The pioneers who build the infrastructure for a new technology are often not the long-term beneficiaries. It was J.P. Morgan who took over the failed railroads and made them profitable. It was Rockefeller who built Standard Oil on access to cheap rail rates, wrung from desperate railroads in exchange for load guarantees.
Who will be the winners this time? If history holds, it will be the companies that buy excess AI compute capacity cheaply and find new profitable uses for it. It will be the companies that figure out how to deploy AI in ways that genuinely improve their efficiency. It will be industries that process large volumes of data — pharma, climate modeling, finance — and some SaaS platforms like Salesforce, Adobe, or ServiceNow. It will be the private equity firms that acquire failed assets. And it will be the workers who discover they’re more valuable than expected — the ones with the judgment to guide AI, not be replaced by it**.
The question for investors today is not whether AI works. The question is whether it can work profitably, at scale, soon enough to service the debt being used to build it.
I don’t know. Neither does anyone else.
But based on history, I’d put the odds roughly like this (just my guess):
60% probability of a crash and reset.
30% chance today’s leading AI companies make enough to survive if not thrive.
10% chance AI just continues to boom and never looks back.
I prefer to wait out most of the installation and buildout phase and invest heavily after the bust. There will be long-term winners from AI; we just don’t know who they are yet. The implementation phase can produce enormous short-term profits, but they rarely last. The long-term profits usually go to the patient investors who ignore the initial hype and buy when things are cheap.
Find your inner J.P. Morgan. Be patient.
Joe Calhoun
*This sequence of events is outlined in Carlota Perez’s 2002 book Technological Revolutions and Financial Capital. I read it about 15 years ago so I didn’t remember the name of the book or the author but I described it to Claude and it immediately found it. I then used AI to help me remember some of these details. That is one thing AI is really good at; give AI one source of trusted material and it cuts down on the hallucinations.
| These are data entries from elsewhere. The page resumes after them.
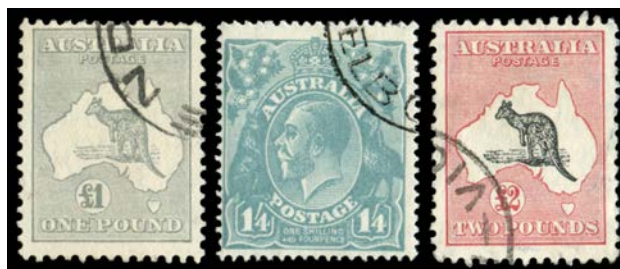
Ex Lot 20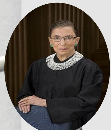
Ruth Bader Ginsburg – Judaism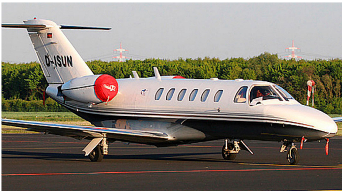
Engine Inlet/Exhaust Covers

The Cessna Citationjet 525A, CJ-2, & CJ2+ Intake/Exhaust Plugs are custom fit for the intake and exhaust openings, made with heavy-duty vinyl material, and stuffed with a single block of sculpted urethane foam. Each plug has a zipper that allows the foam to be removed and dried if necessary. Engine plugs have 'remove before flight' streamers sewn onto the face of the plugs. Most plugs are imprinted with the aircraft registration number in black. Engine plugs may be inserted after flight when the engine is still warm. Engine Inlet Plugs are commonly referred to as Cowl Plugs, Intake Plugs, Cowl Blocks, Engine Blocks, and Engine Bungs.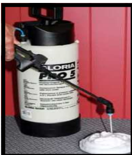
VOLKAFOAM FOAM SPRAYERS SUITABLE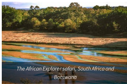
The African Explorer safari, South Africa and Botswana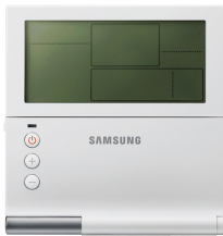
700551 Samsung Premium Wired Thermostat for 700845 only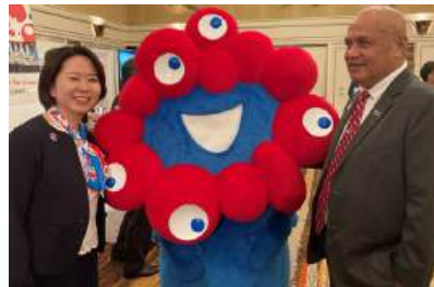
Feleti Penitala TEO, Prime Minister of Tuvalu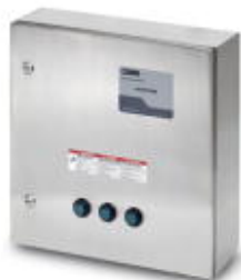
Indoor/outdoor lightning arrester and TVSS system for 277/480 V Wye system

Please be informed that the data shown in this PDF Document is generated from our Online Catalog. Please find the complete data in the user's documentation. Our General Terms of Use for Downloads are valid ( http://phoenixcontact.com/download )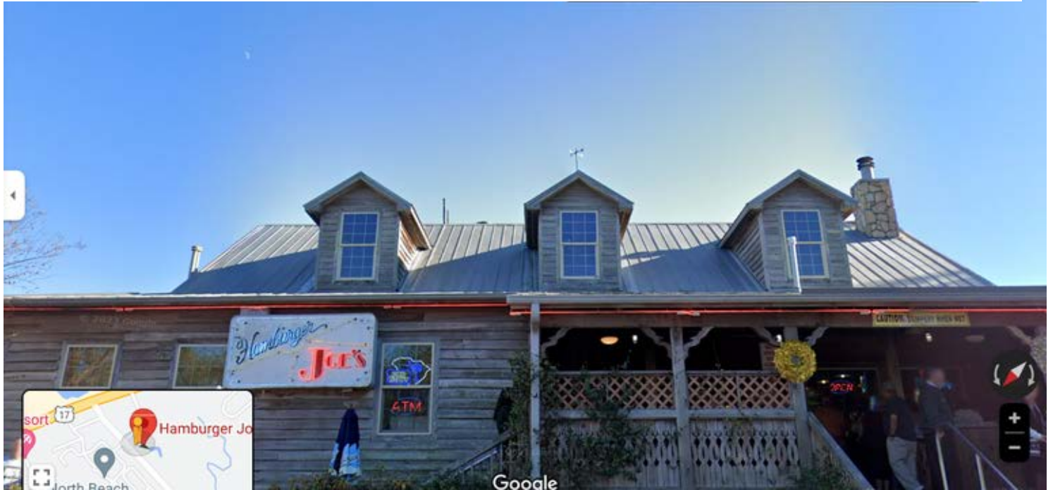
Hamburger Joe's in North Myrtle Beach ranks as the best place to get cheeseburgers in South Carolina.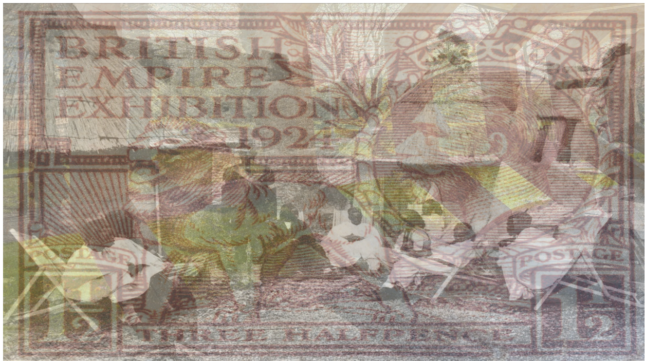
Figure 4. Pavilion hauntings

Childing in and from the Pavilion emerges as a practice of refusal that is intertwined with, and not separate from, the colonial and neoliberal rationalities that make up the University. However, we agree with Moten and Harney (2004, p.101) in our refusal to accept the University as a place of enlightenment, instead we acknowledge it as a place of refuge for what they call the ‘Undercommons’, where the work gets done and subverted. Childing in and from the Pavilion does not resolve in being for or against - rather it involves ‘being in it and remaking it, rather than indulging in the misery of academia’ (Bozalek, 2024, p.168).

**The winners after the bust may well be some of the people who are financing or leading the current AI boom. Jay Cooke, whose eponymous company went bankrupt in the Railroad crash of 1873, ended up in bankruptcy and penury after the bust. But he managed to scrape together enough capital to buy the Horn Silver Mine in Utah in the late 1870s. It turned out to be one of the richest silver strikes in US history. His advantage? He built a pipeline (dedicated) railroad directly to the mine (the Utah Southern Railroad extension) that made the mine more efficient. Ore went from the mine directly onto the rails and straight to the smelter. After making a new fortune, he hunted down all of his old creditors from his bankruptcy, paid them off and restored his name and reputation.